Connect OpenTelemetry operational guide

Core philosophy: “Admins want to know that something is wrong before their users do.”

This guide helps operations teams use OpenTelemetry metrics, traces, and logs to monitor Posit Connect health and diagnose performance issues. The guidance is organized around some exemplar operational questions rather than signal types.

Overview

OpenTelemetry provides comprehensive observability for Posit Connect through three complementary signal types:

Metrics - Quantitative measurements of system behavior (connection pool utilization, request latency, active users)
Traces - Distributed execution paths showing high-level lifecycle events (scheduled executions, queue operations, content deployments)
Logs - Structured event records with contextual information

This guide focuses on the most critical operational questions that Connect administrators face daily. Each question includes specific metrics to check, query patterns to use, and interpretation guidance to help you quickly identify and resolve issues.

For a complete catalog of every metric, trace span, and attribute that Connect emits, see the signal reference. For alert threshold guidance, see the alerting recommendations.

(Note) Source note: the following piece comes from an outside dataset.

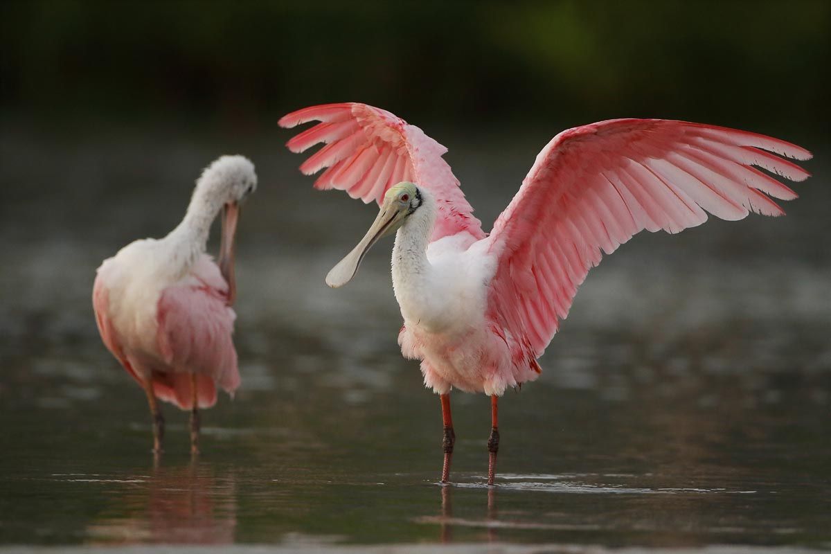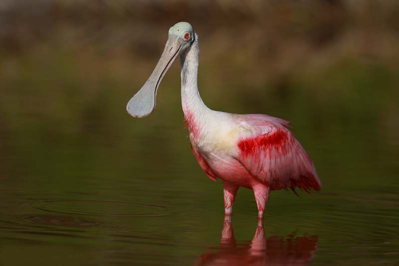 Espátula rosada: si la ves te será algo conocida, de seguro pensaste en las garzas ¡Y si! son muy parecidas porque son sus parientes. Son una especie de aves muy hermosas y particulares ya que su pico tiene la forma de una cuchara (aplanado). Su caracteristicas son las siguientes:

If you are setting up OpenTelemetry for the first time, see the getting started guide.

Prerequisites

Posit Connect 2026.02.0 or later
OpenTelemetry instrumentation enabled in configuration
Optionally, an observability platform that supports OpenTelemetry (Datadog, Grafana, etc.) if you want to export signals beyond the diagnostic bundle (highly recommended)

Configuration

Enable OpenTelemetry instrumentation in your rstudio-connect.gcfg:

[OpenTelemetry]
Enabled = true

This enables collection of all signals (traces, logs, and metrics). By default, Connect persists signals to disk for local debugging and diagnostic bundles. To export to your observability platform’s local collector, configure one or more [OTLPEndpoint] sections:

[OTLPEndpoint "mybackend"]
Endpoint = http://collector:4318

See the getting started guide for common configuration patterns and the configuration reference for full details on available settings.

Trace visibility

Connect exports high-level lifecycle traces to your Application Performance Monitoring (APM) system:

HTTP requests and API operations — All HTTP endpoints, service request handling, and render request timing
Scheduled execution lifecycle — Schedule triggers and execution workflow
Queue operations — Item enqueue and processing lifecycle (with wait time and processing duration)
Worker provisioning and lifecycle — Worker creation, process startup, full lifecycle tracking, and connection acceptance timing
Report execution and process startup — Report execution phases, setup, and process startup timing (separating startup from execution)
Launcher job lifecycle — Off-host execution setup and submission for Kubernetes deployments
Content deployments — Deployment operations and content launches
Email operations — Email send operations

Contact Posit Support if you need assistance with trace analysis.

Health and performance

Is Connect healthy right now? — Service availability, database health, schedule success, application stability. Health monitoring →
Why is Connect slow right now? — Database performance, API latency, infrastructure bottlenecks, trace-based root cause analysis. Performance troubleshooting →

Job queue operations

Are scheduled jobs running? — Job completion health, worker availability, timeout monitoring. Job execution health →
Why is this scheduled job taking longer than usual? — Duration analysis, queue wait times, trace investigation. Job duration analysis →
Is the job queue backing up? — Queue size and age monitoring, drain time estimation. Queue backup detection →

Content operations

Which content is using the most resources? — Job pressure, process counts, host metric correlation. Resource investigation →
How do I route content failures to owners? — Owner context in failure events, alert routing patterns. Owner alerting →
Why did this content fail? — Failure detection, log investigation, trace correlation. Failure investigation →

License and capacity

Are we approaching license limits? — Named user utilization, Shiny user limits, license expiration. License capacity monitoring →
Are we rejecting users due to capacity? — Rejection rates, breakdown by reason and type, investigation workflow. Request rejection monitoring →

Query pattern translation

Throughout the detailed guides, you’ll find Query Pattern sections using platform-agnostic pseudo-code alongside Datadog and Grafana equivalents. The pseudo-query patterns describe the logical operations needed, which you can translate to any platform’s syntax.

For example, a pattern like:

P95 of (db.sql.latency) over 5 minutes

Translates to different syntax depending on your platform:

Datadog:

sum:db.sql.latency.bucket{*} by {upper_bound}.as_count()

Grafana — Prometheus Query Language (PromQL):

histogram_quantile(0.95, rate(db_sql_latency_milliseconds_bucket[5m]))

The patterns help you understand what to calculate, so you can translate them to how in your specific observability platform.

Starter dashboards

Pre-built dashboards covering health, performance, job queues, content operations, license capacity, and request rejections:

Grafana dashboard — Import via Dashboards > New > Import in Grafana
Datadog dashboard — Import via Dashboards > New Dashboard > Import in Datadog

These dashboards use the queries documented throughout this guide. Customize thresholds and layouts to match your environment.